How it all started for me….
Horses and dogs have been a large part of my life since I was 10 years old. In my teens I fell in love with the Dalmatian breed when I met a delightful dog called Quinky, presumably named after the ink! Although I owned other breeds, it was not until many years later, as a keen carriage driver, I fulfilled my ambition to own one. I then discovered the pleasure of working them alongside a carriage or ridden horse. It had been a dream of mine to ride out with a dog, and now I could fulfill this dream with a dog that was bred for the task!
But my friends’ responses were negative: “A Dalmatian, they’re mad aren’t they?”.
After reading a chapter in Patches Silverstone’s book “Dalmatians Today” about Road Trials in America, I decided these trials of obedience and endurance for working Dalmatians just had to come to the UK. I wanted to prove their negative opinions were wrong.
The next few years were spent researching via the internet. I contacted Road Trial aficionado Peggy Ann Strupp and after visiting Washington Dalmatian Club in 2002 to shadow the organisers; I began to plan. In 2003, with a wonderful group of fellow enthusiasts, the inaugural trial Carriage Dog Trial was staged.
Since that time I have been involved organising, competing and judging in all the national and regional trials that have taken place. It was an honour to help run the inaugural Swedish trial and judge at the first Scottish (2006), and Irish trials (2010), as well as the Fenix National championships.
I qualified all three of my Dalmatians as road and carriage dogs and in 2006 was proud to be in the first group of people to qualify at gold level. I won the championship in both carriage and road discipline, but most important to me is the fact my animals have consistently been awarded, or short listed for, the best conditioned awards. These coveted awards show not only that the dog or horse has been correctly conditioned for the competition, but also received the highest standards of care on the day.
My dogs have been involved in many carriage dog demonstrations, including the very busy CLA game fair where they were required to stay behind the carriage off lead at all times. Once, this included a 30-minute waiting period that culminated in the hunt coming past! For a display at Paws in the Park my first carriage dog Woody was taught to bark and “see off” a highway man.
In 2006 I become the founder chairman of the newly formed British Carriage Dog Society (BCDS), a post I hold to this day, aiming to serve the membership and continue to promote the Dalmatian’s working heritage.

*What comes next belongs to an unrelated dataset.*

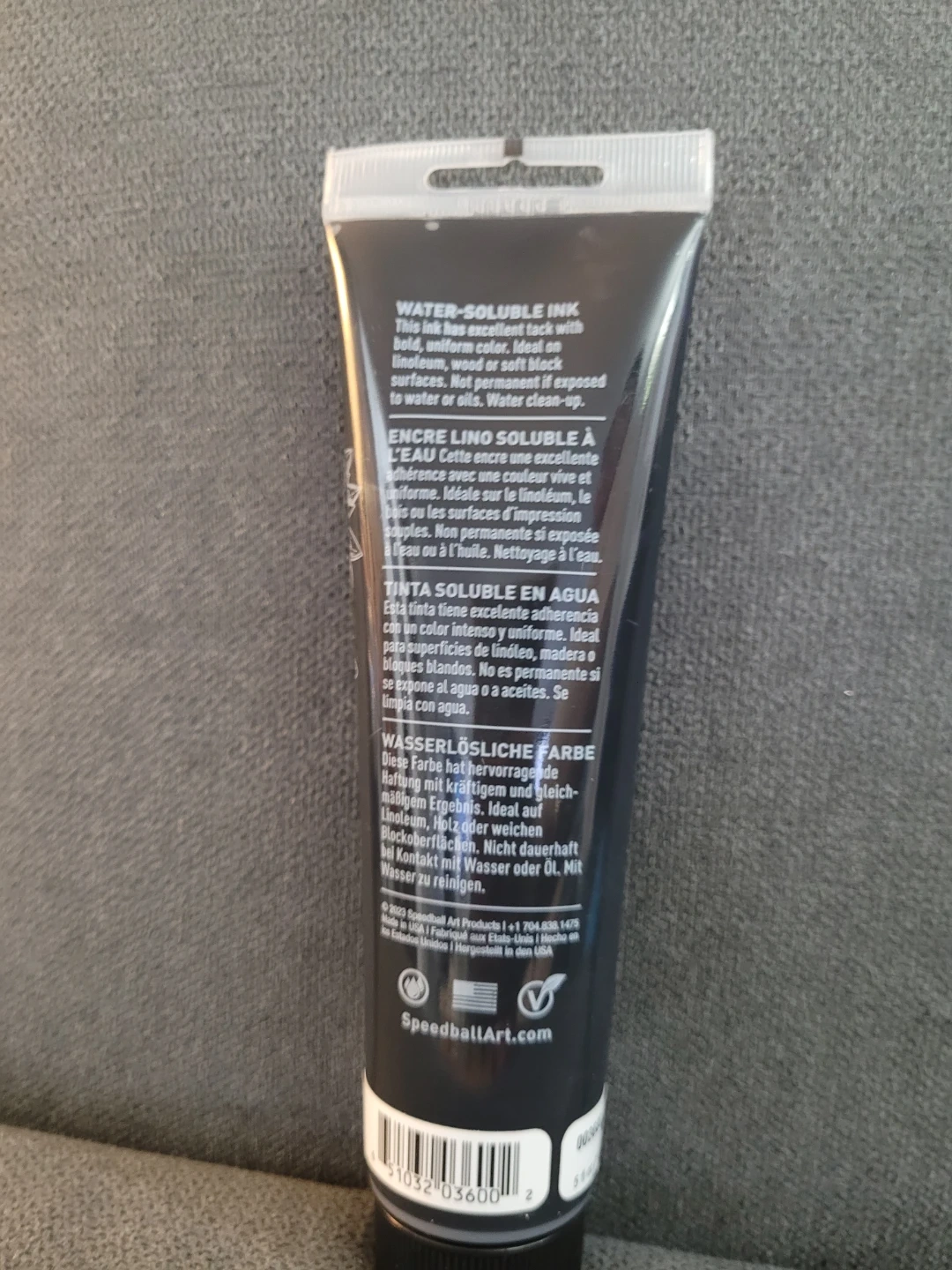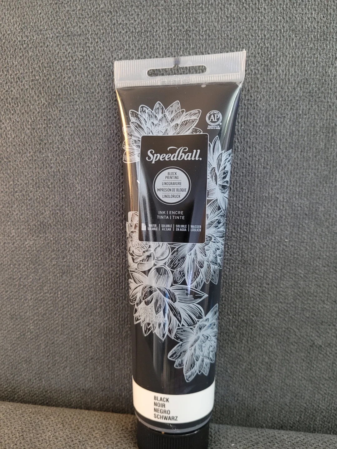 This is a Speedball water-soluble block printing ink in black. It has excellent tack with uniform colour and coverage. It's suitable for block printing and cleans up with water.

My involvement with carriage and road dogs drew me further into the world of dog training and behaviour. I was very lucky to come across the renowned John Rogerson, and his tutelage has shaped my philosophy of relationship based training. I was honoured to be his assistant in India on his 3-week International course for dog trainers and behaviorists, where I saw native carriage dogs working with oxen carts.
In 2007 I enrolled on the Kennel Club Accreditation Scheme for dog trainers and behaviourists and I was encouraged to develop a specialist module for Carriage Dogs. The process in order to be accredited was very rigorous and required many hours of study and practical experience. So I was very proud to be awarded my advanced accreditation as the first ever Carriage Dog specialist at Crufts in 2013. Although I am no longer a member of the Kennel Club scheme; I thoroughly enjoyed learning about so many aspects of dog training and behaviour in order to gain my advanced accreditation.
There is nothing more thrilling than watching the dogs and their owners as they learn to enjoy this new experience together.